Sometimes a beautiful week makes a load of difference, in lots of ways. It certainly helps the plants, which is great. It also gives the weeds a boost, which is less than ideal, but it also provides us with ample time out in the field to fight the good fight. Though we’ve been harvesting for CSA boxes and market on a regular basis, my focus these past few weeks has been cultivation. We have a few big crops that were a bit choked with weeds while we had to devote large amounts of time to continuing to transplant. This week, however, we finished cultivating our onions and put a big dent in our potatoes, carrots, and beets.

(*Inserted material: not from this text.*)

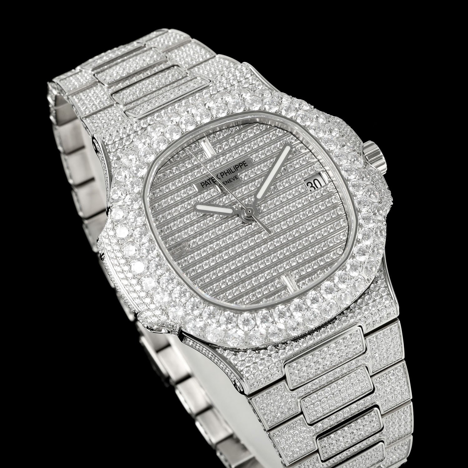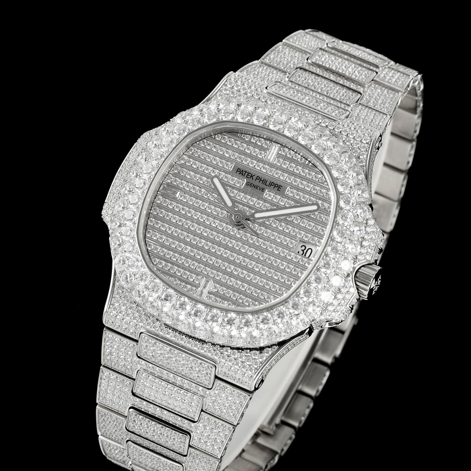 2⃣️Dial: Pavé-set with diamonds, 18k white gold with Swarovski crystals

This is a unique part of the season, when we are simultaneously trying to accomplish everything all at once. We still have a good bit of planting to do, we have food to harvest, but we also have to play catchup on weeding so that we can make our harvests more secure in the middle term. I might be alone in this feeling, but I find that cultivation is actually the most gratifying task of all. Sure, when you plant, you get to look out in the field to perfect rows of new plants, and when you harvest you get to wash and pack and share your bounty, but cultivation carries with it a whole range of, well, feelings. When you zip up and down rows with a razor hoe killing weeds in the thread stage, you congratulate yourself on your impeccable timing, knowing how much work you saved your two-weeks-from-now self. Conversely, when you’re in “save the crop” mode, you curse your month-ago self for letting it slide, but the feeling of accomplishment when you reach the end of a task is commensurately more gratifying. More than any other task on the farm, weeding is a mental game. You psych yourself up, you set yourself goals, you push yourself physically, and sometimes you find yourself hoping that your enthusiasm becomes infectious. It might seem like an odd thing to feel passionately about, but if anyone wants to catch the weeding fever, I know where you can get your fix!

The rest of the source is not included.